Kochere is one of the woredas in the Southern Nations, Nationalities, and Peoples' Region of Ethiopia. Part of the Gedeo Zone, Kochere is bordered on the east by Gedeb, on the southwest by the Oromia Region, and on the north by Yirgachefe. Towns in Kochere include Fisehagenet and Chelelektu. Gedeb woreda was separated from Kochere.

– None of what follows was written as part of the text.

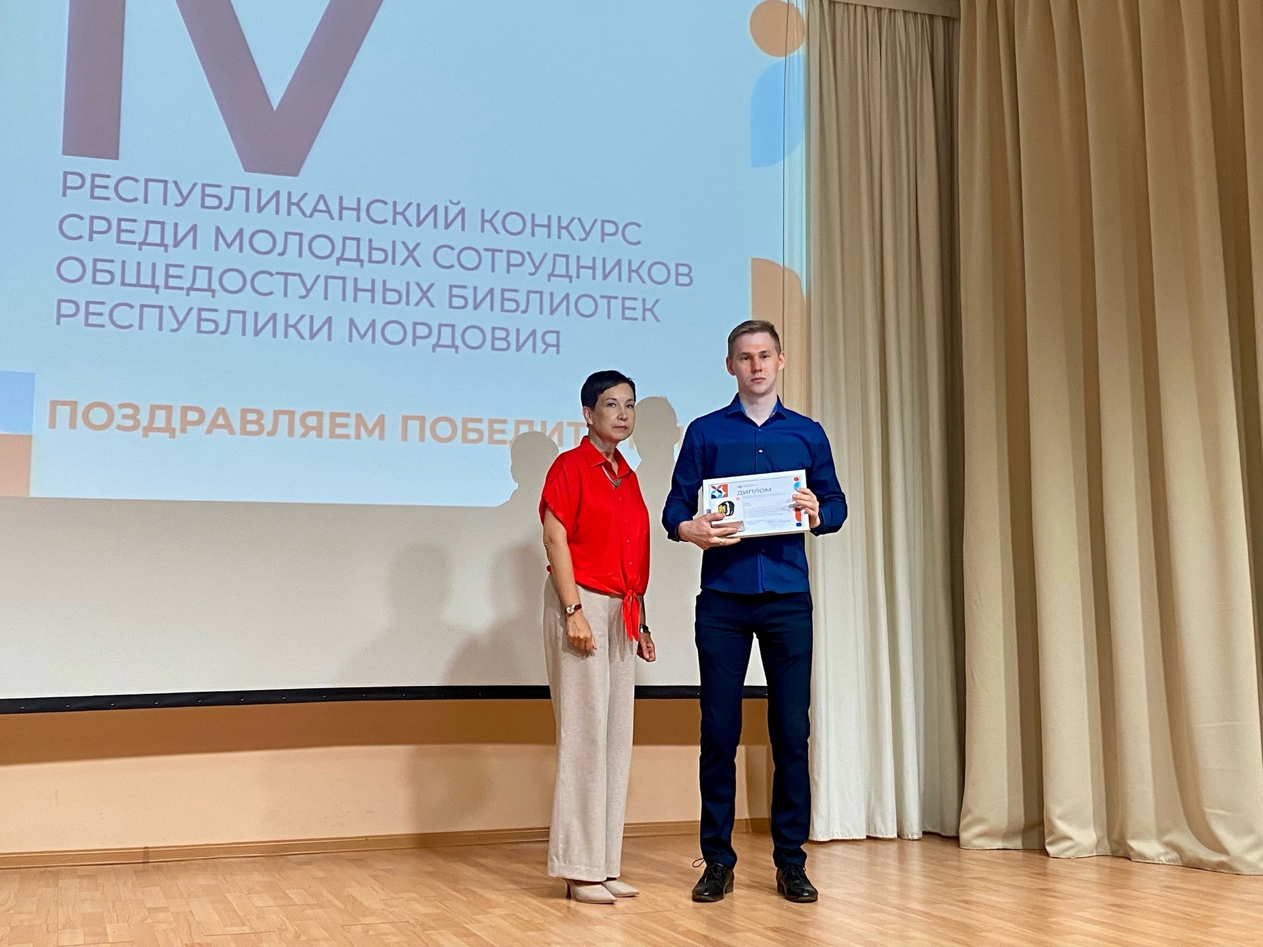 5 июня в Национальной библиотеке им. А. С. Пушкина Республики Мордовия прошло торжественное мероприятие, посвященное Общероссийскому дню библиотек. В рамках него состоялась церемония награждения победителей и призеров IV Республиканского конкурса среди молодых сотрудников общедоступных библиотек Республики Мордовия. Заместитель министра культуры, национальной политики и архивного дела Республики Мордовия Юлия Александровна Елисеева вручила им дипломы и ценные призы.

According to a 2004 report, Kochere had 34 kilometers of asphalt road, 13 kilometers of all-weather roads and 18 kilometers of dry-weather roads, for an average road density of 129 kilometers per 1000 square kilometers.

== Demographics ==
Based on the 2007 Census conducted by the CSA, this woreda has a total population of 130,486, of whom 64,703 are men and 65,783 women; 10,606 or 8.13% of its population are urban dwellers. The majority of the inhabitants were Protestants, with 78.25% of the population reporting that belief, 8.04% practiced Ethiopian Orthodox Christianity, 7.33% observed traditional religions, 1.72% were Catholic, and 1.36% were Muslim.

In the 1994 Census this woreda had a population of 160,246, of whom 79,807 were men and 80,439 women; 11,265 or 7.03% of its population were urban dwellers. The three largest ethnic groups reported in Kochere were the Gedeo (84.05%), the Oromo (11.35%), and the Amhara (2.62%); all other ethnic groups made up 1.98% of the population. Gedeo is spoken as a first language by 84.93%, 10.74% spoke Oromiffa, and 3.77% spoke Amharic; the remaining 0.56% spoke all other primary languages reported. 47.57% of the population said they were Protestants, 26.05% observed traditional religions, 16.45% practiced Ethiopian Orthodox Christianity, 3.21% were Catholic and 1.51% were Muslim.